What is being asked
Below are records; extract exactly the lines from the one with "Non-directional 90 degree" through the final line, including both, but drop the pictures.
*** Given entries ***
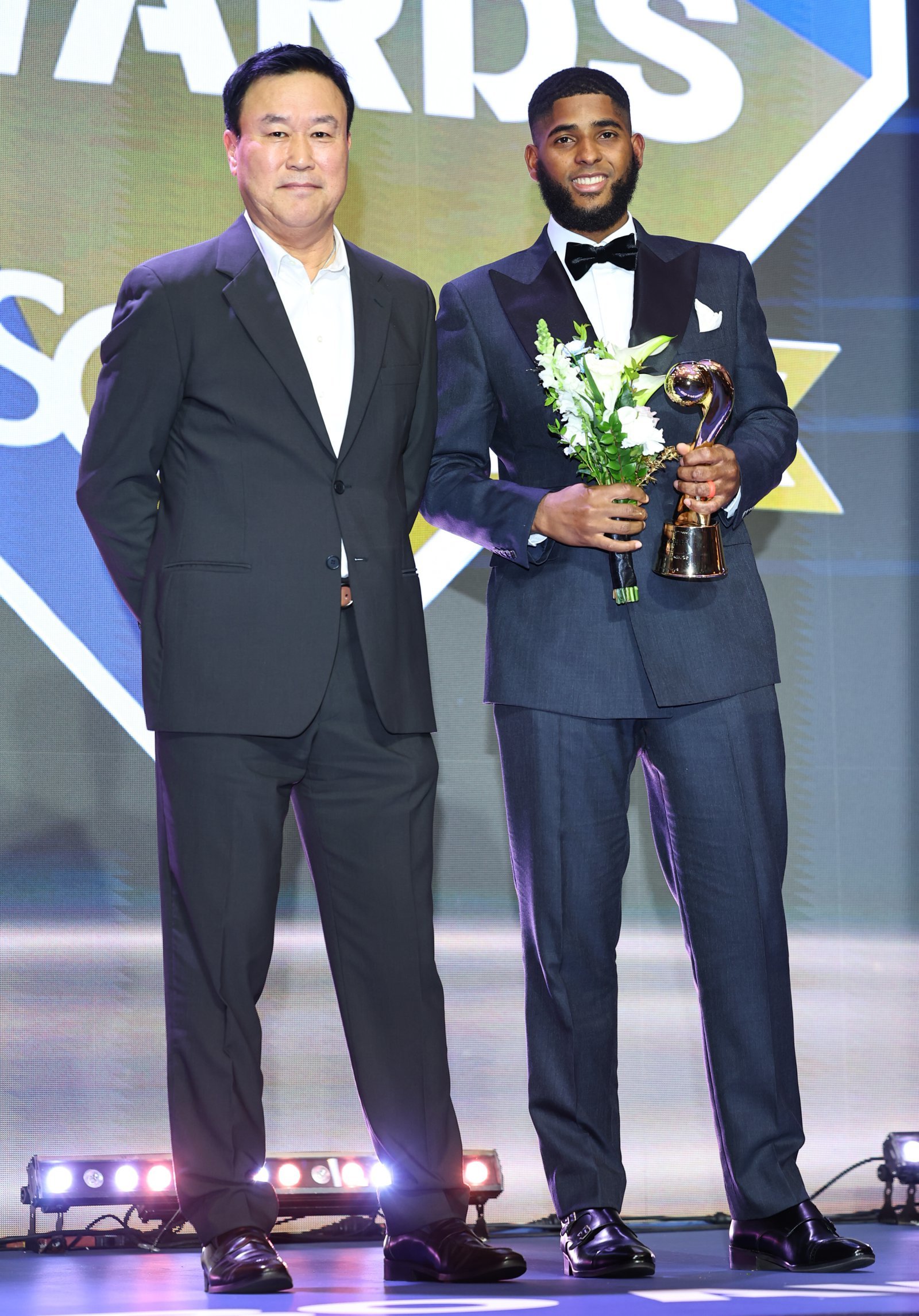 일반적으로 외국인선수의 비시즌 시상식 참석률은 그리 높지 않다. 이날 시상식에도 폰세와 디아즈만 깔끔한 정장을 차려입고 모습을 드러냈다. 빅터 레이예스(롯데 자이언츠·최다안타왕), 라일리 톰슨(NC 다이노스·다승왕), 기예르모 에레디아(SSG 랜더스·좌익수 수비상)는 영상을 통해 수상 소감을 전했다.
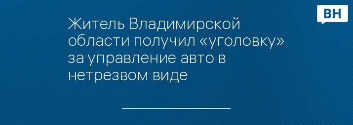 Житель Владимирской области получил «уголовку» за управление авто в нетрезвом виде
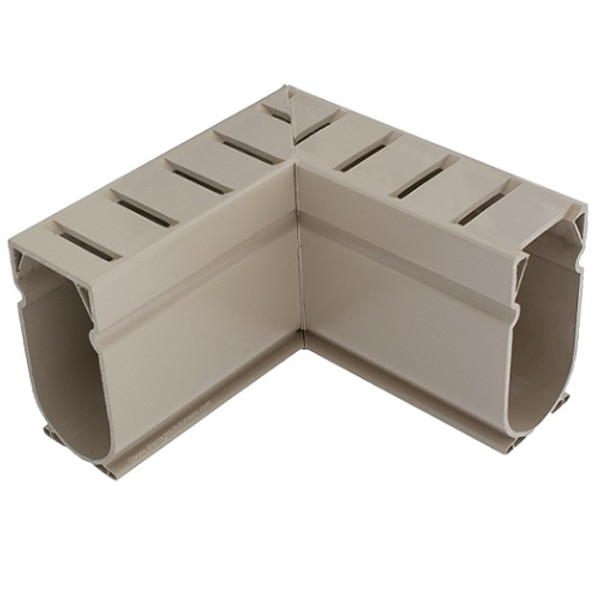 Non-directional 90 degree angle to be used with Stegmeier Deck Drain.
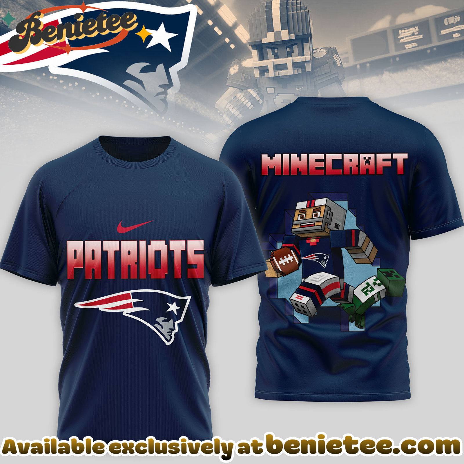 Show Your New England Patriots Pride with this Premium NFL Minecraft 3D Shirt!
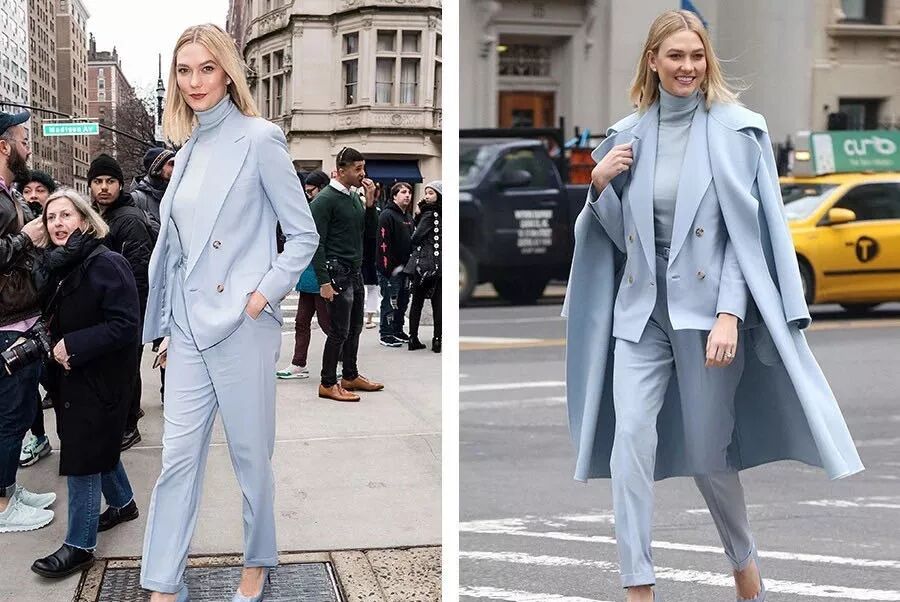或者再看看大表姐,选一条稍微紧身一点的西装裤,和同色系高领毛衣搭配在一起,再加上一件亮色系的外套,隔着屏幕就感受到了满屏的少女青春感,日常感叹,她太会穿了吧!!
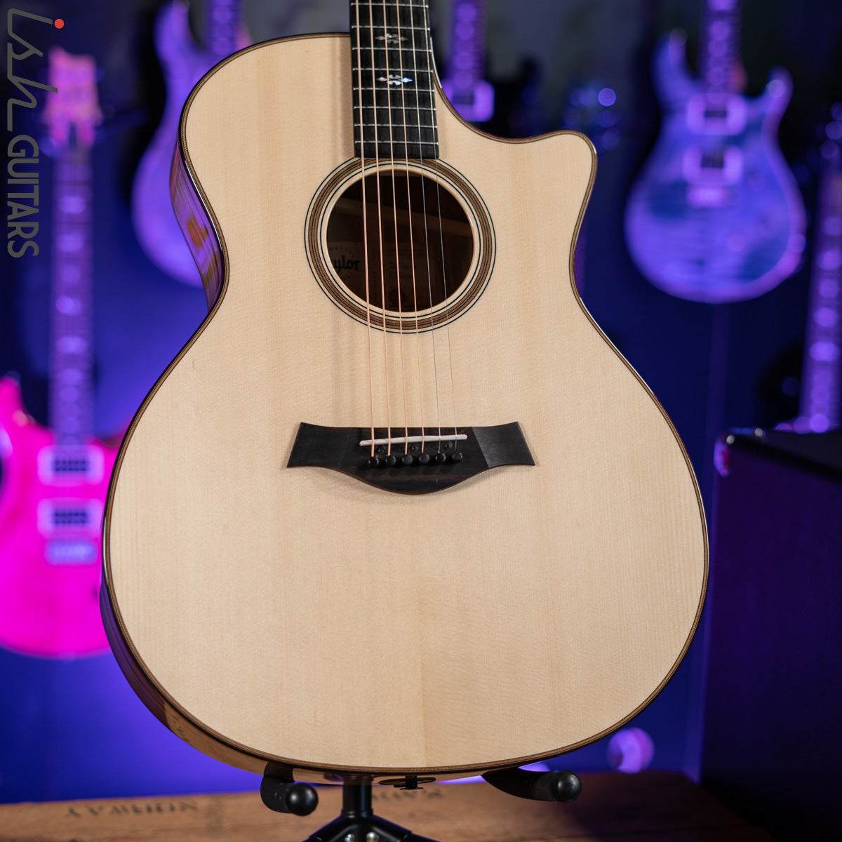 Each of these limited-edition Grand Auditorium models boasts boldly unique visual character, thanks to the striking sets of blackheart sassafras selected for the back and sides. The blond heartwood is naturally accented by contrasting olive, black and chestnut-brown coloration. Musically, sassafras blends the midrange warmth of mahogany, the top-end sparkle of rosewood, and the clarity of maple into a player-reflective voice that responds well to the nuances of a player’s attack. The Lutz spruce top and V-Class bracing bring impressive power, sustain and dynamic range to the sound. Noteworthy appointments include rosewood binding and back strip, maple/black/Douglas fir herringbone top edge trim, a Douglas fir herringbone rosette, “Reflections” fretboard/peghead inlays in pale green abalone, a gloss-finish body and Taylor smoked nickel tuners. The guitars also feature a Venetian cutaway and onboard ES2 electronics, and ship with a Taylor deluxe hardshell case.
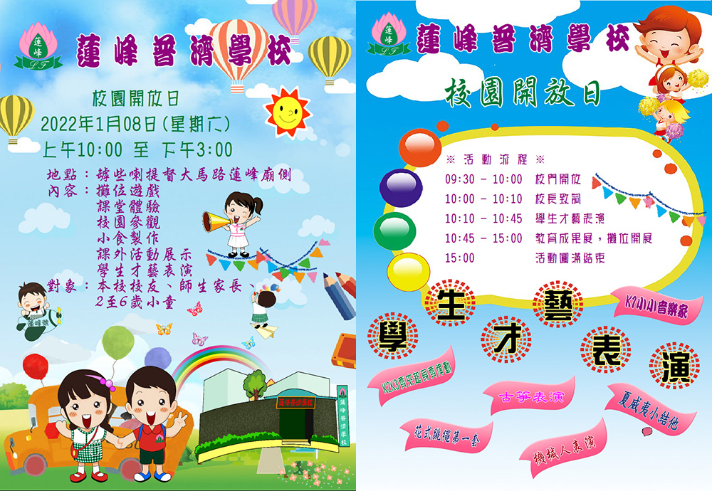 「報名表」「校服式樣」 「學生須知」 「天氣措施」
*** End of Given entries ***
Answer section
 Non-directional 90 degree angle to be used with Stegmeier Deck Drain.
 Show Your New England Patriots Pride with this Premium NFL Minecraft 3D Shirt!
或者再看看大表姐,选一条稍微紧身一点的西装裤,和同色系高领毛衣搭配在一起,再加上一件亮色系的外套,隔着屏幕就感受到了满屏的少女青春感,日常感叹,她太会穿了吧!!
 Each of these limited-edition Grand Auditorium models boasts boldly unique visual character, thanks to the striking sets of blackheart sassafras selected for the back and sides. The blond heartwood is naturally accented by contrasting olive, black and chestnut-brown coloration. Musically, sassafras blends the midrange warmth of mahogany, the top-end sparkle of rosewood, and the clarity of maple into a player-reflective voice that responds well to the nuances of a player’s attack. The Lutz spruce top and V-Class bracing bring impressive power, sustain and dynamic range to the sound. Noteworthy appointments include rosewood binding and back strip, maple/black/Douglas fir herringbone top edge trim, a Douglas fir herringbone rosette, “Reflections” fretboard/peghead inlays in pale green abalone, a gloss-finish body and Taylor smoked nickel tuners. The guitars also feature a Venetian cutaway and onboard ES2 electronics, and ship with a Taylor deluxe hardshell case.
 「報名表」「校服式樣」 「學生須知」 「天氣措施」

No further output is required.